For the most part, the entertainment industry is against engineers. We will cover this in other posts.

But how are engineers themselves portrayed? For the most part, engineers are admired, as they should be. Sure, there is the bad example at the beginning of MI3, where spy Ethan Hunt (Tom Cruise) is at his engagement party and is explaining his cover job as a transportation engineer, then after he walks away, the guy in the group he was talking to pretends to fall asleep. A jab at engineers for sure. (Side note: When Ethan leaves the group, after the guy feigns sleep, the women all agree that they would marry him, even with his “boring” job. Of course, it is Tom Cruise.)

However, in movies when a person has the name engineer attached to his character, like on a team – good or bad – the audience knows one thing. This person gets things done. Yes, the engineer is the person they give the difficult, technical job to. If there is a bomb that needs diffused, an underground wall that needs breached, a computer security system that needs overriden, or an alien spaceship that needs destroyed, what do they do? Call in the engineer. The engineer will get it done.

First Date

Leave a comment

I recently talked to a wife of an engineer, an NE (non-engineer), who freely told me about the first date she had with her the man who eventually became her husband. They went to a picnic for her work. It was at a park on the other side of town. Without directions, and knowing generally where it was, they found their way there in a roundabout way. I say roundabout way because they went through many roundabouts on the way there.

When they arrived, she told colleagues about how they seemed lost and went through a number of roundabouts.
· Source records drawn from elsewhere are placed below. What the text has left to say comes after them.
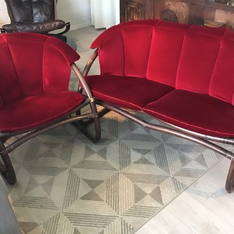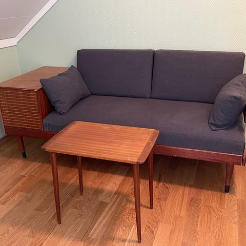 Retro sovesofa med teak på armlener og føtter i brukbar stand. Originalt helt stoff, virker som den skal. Mørk grønn. Blir grundig rengjort før salg.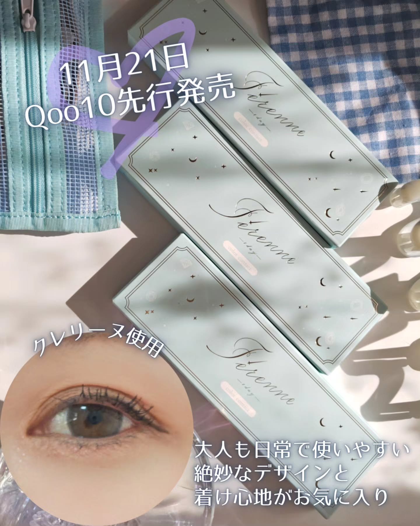 - ■Eccrine Brown(エクリンブラウン) DIA:14.2mm/着色外径:13.3mm ちゅるんとした魅力的な瞳を演出。 ブラウンとライトベージュが瞳に艶感を出す水光レンズ。 ■Charme Gray(シャルムグレー) DIA:14.2mm/着色外径:12.7mm 大人可愛いダークグレーがポイント。 細めのくっきりフチが瞳に馴染み高貴さを演出。 ■Tierphine Brown(ティアフィーヌブラウン) DIA:14.2mm/着色外径:12.3mm 裸眼に溶け込むようになじみ、やわらかい印象を与えてくれる。 透明感溢れる可憐な瞳を演出 ■Ferrish Pink(フェリッシュピンク) DIA:14.2mm/着色外径:13.3mm 瞳に立体感と透明感をプラスしてくれるグラデーションレンズ。 瞳にじゅわっと溶け込むようになじみ、絶妙なこなれ感を演出してくれる。 コンタクトレンズの不適正使用による眼障害の危険性等などがあります。 ●コンタクトレンズは高度管理医療機器です。不十分な洗浄・消毒など不適切なケアや、長時間・交換期間を超えた装用により、アレルギー性結膜炎、角膜感染症、角膜潰瘍等の重篤な眼障害が発生する危険性があります ●ご使用前に取扱説明書を確認してください 使用上の留意事項 ●眼科医院等を受診してからお求めください ●眼に異常を感じたら直ちにレンズ使用を中止し、お近くの眼科等で診察を受けてください ●医師の指示にしたがってご使用ください ●コンタクトレンズを装用する場合、自覚症状がなくても、眼科医院等での定期検査を受けてください ●レンズに不具合がある場合は使用しないでください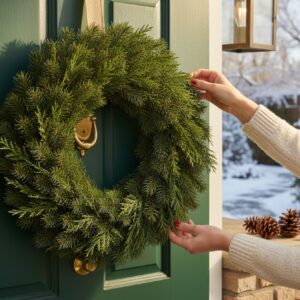 Zimowy Szept Lasu to wianek wykonany z prawdziwego, świeżego igliwia — układanego ręcznie, gałązka po gałązce, tak aby stworzyć naturalną, harmonijną kompozycję. Ma około 40 cm średnicy, dzięki czemu jest wystarczająco duży, aby przyciągać wzrok na drzwiach, ale jednocześnie lekki i subtelny, by pięknie prezentować się również wewnątrz domu: nad kominkiem, w salonie, na ścianie czy w holu. To ciche zaproszenie do świątecznego, ciepłego domu. Dekoracja, która wprowadza magię jeszcze zanim otworzysz drzwi.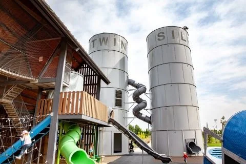 Area with plenty of family-friendly features. It has wide open grassy areas, a large playground with climbing elements and a zip line, bocce ball courts, a built-in ping pong table, a hammock garden, cornhole boards, a basketball court, picnic spots, and walking paths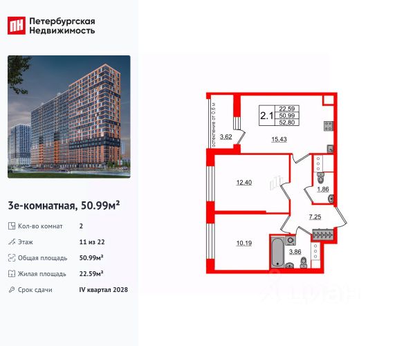 Продается уютная 2-комнатная квартира от застройщика в жилом комплексе "Город звезд" в новом городе на правом берегу Невы. До метро можно добраться на транспорте всего за 13 минут. Удобная, классическая, функциональная европланировка, большая кухня-гостиная 15.43 м², вместительная прихожая 7.25 м². Общая площадь квартиры - 50.99 м², жилая 22.59 м², высота потолка 2.77 м. Квартира продается с отделкой "NORD LINE WHITE". Что особенного в ЖК "Город звезд"? • Инновационный Лицей Setl с оригинальной архитектурной концепцией и уникальной образовательной средой • Невский лесопарк под окнами - всегда свежий воздух и полноценный отдых на природе • Четыре тематические площади отдыха с разнообразным благоустройством • Аллея Звёзд - променад протяженностью 5 км с ландшафтным озеленением, зонами отдыха и велодорожкой • Выход на набережную реки Утки, где можно порыбачить или взять напрокат лодку • Единая входная группа с ресепшен и подземный паркинг

But, “Ryan” (as we will call him), a transportation engineer, enhanced the conversation even more with an explanation of the design features of the roundabouts and statistics about how roundabouts reduce severe crashes by 80 or 90 percent – a lot of good engineering stuff. I think he did it to impress her. Well, from the way she still talks of it, she was impressed, although maybe not the way he intended.

Ryan was standing there as she told this story and I still get the idea that he is thinking, “Oh, yeah, I impressed her with those statistics.”

She continued to date him, and eventually got married. So maybe it did work.